1 teaspoon baking soda

1 teaspoon salt

1 cup firmly packed dark brown sugar

12 tablespoons (11⁄2 sticks / 6 oz.) unsalted butter, at room temp.

1⁄2 cup granulated sugar

1 tablespoon light corn syrup

1 large egg, at room temp.

1 large egg yolk, at room temp.

2 tablespoons good bourbon or whiskey (William liked Jack Daniels)

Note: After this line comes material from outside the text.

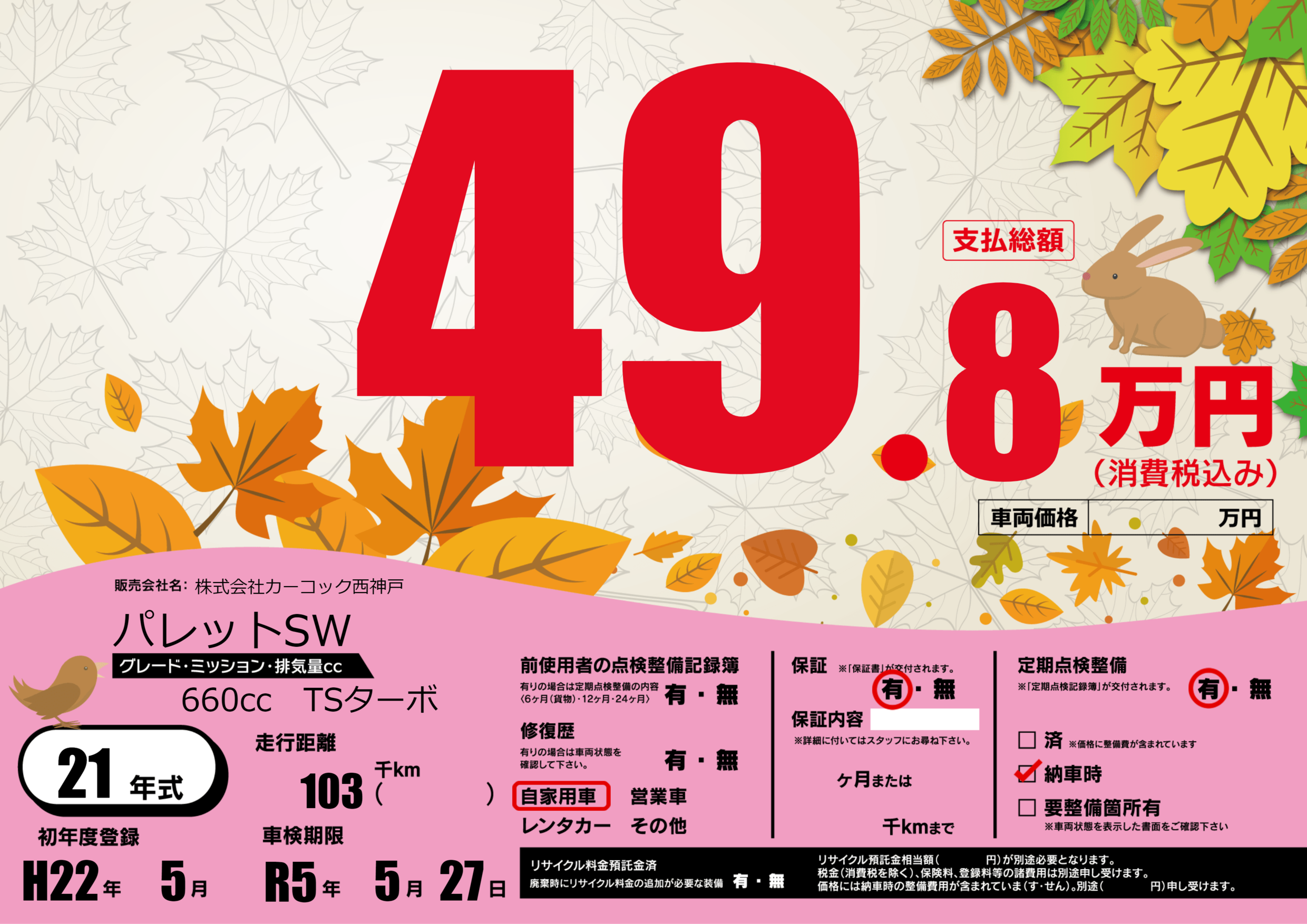 | 走行キロ | 10.3万km | 初年度登録 | H22年5月 |

1 teaspoon pure vanilla extract

1 (12 oz) bag Ghirardelli double chocolate bittersweet chips

Heat oven to 325° F. Line baking sheets with parchment paper.Whisk together flour, baking soda, and salt in a medium bowl. In a large bowl, cream butter, both sugars and corn syrup on high. Beat in egg, egg yolk, bourbon and vanilla. Reduce speed to low and mix the flour mixture in gradually until just combined. Stir in chocolate chips. Drop onto prepared sheets in 2 tablespoon (1 oz.) cookie scoops, leaving 2-inches between each cookie. Bake until cookies are lightly browned on the edges (rotating pans halfway through if baking two at once), 18 to 20 minutes. Let cool on baking sheets for 5 minutes before transferring to a wire rack to finish cooling. Makes 3 dozen.

Note: Once you’ve scooped the dough into balls, you can freeze them like this on the trays. Transfer the frozen balls to a freezer-safe zippered bag for up to 1 month. Do not thaw before baking.

Thanks to my friend Debbie Vanni for the Art Smith Book from her culinary cellar.